--- Assignment ---
Below are some records; quote exactly the lines from the one that contains "What's up, guys!" through the one that contains "La cantante porta", inclusive, and no others.

--- Extracted information ---
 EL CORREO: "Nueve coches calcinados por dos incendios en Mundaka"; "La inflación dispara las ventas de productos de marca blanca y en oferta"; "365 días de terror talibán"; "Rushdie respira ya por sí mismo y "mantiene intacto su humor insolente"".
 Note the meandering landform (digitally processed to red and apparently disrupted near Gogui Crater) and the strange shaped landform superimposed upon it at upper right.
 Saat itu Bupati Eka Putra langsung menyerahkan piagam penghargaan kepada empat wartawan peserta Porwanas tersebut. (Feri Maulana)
---
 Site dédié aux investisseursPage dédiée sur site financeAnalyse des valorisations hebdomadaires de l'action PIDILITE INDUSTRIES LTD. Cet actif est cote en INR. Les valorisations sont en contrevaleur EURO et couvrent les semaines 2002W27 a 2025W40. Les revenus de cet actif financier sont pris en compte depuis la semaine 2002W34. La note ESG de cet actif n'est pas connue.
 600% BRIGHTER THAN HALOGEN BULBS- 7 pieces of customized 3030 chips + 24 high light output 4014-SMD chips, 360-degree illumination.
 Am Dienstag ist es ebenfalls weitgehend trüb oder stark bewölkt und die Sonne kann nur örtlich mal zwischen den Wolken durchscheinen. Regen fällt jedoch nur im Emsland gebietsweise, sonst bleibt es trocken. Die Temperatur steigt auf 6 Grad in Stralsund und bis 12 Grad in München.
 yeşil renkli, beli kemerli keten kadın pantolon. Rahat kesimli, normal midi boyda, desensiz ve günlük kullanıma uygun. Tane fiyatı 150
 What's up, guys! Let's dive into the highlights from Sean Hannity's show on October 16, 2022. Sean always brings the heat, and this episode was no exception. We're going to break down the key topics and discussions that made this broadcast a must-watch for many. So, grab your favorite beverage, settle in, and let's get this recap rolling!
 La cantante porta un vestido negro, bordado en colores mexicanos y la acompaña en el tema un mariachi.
---
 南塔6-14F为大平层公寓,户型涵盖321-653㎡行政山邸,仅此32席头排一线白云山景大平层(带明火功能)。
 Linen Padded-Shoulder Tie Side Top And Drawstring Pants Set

--- Result for this exercise ---
 What's up, guys! Let's dive into the highlights from Sean Hannity's show on October 16, 2022. Sean always brings the heat, and this episode was no exception. We're going to break down the key topics and discussions that made this broadcast a must-watch for many. So, grab your favorite beverage, settle in, and let's get this recap rolling!
 La cantante porta un vestido negro, bordado en colores mexicanos y la acompaña en el tema un mariachi.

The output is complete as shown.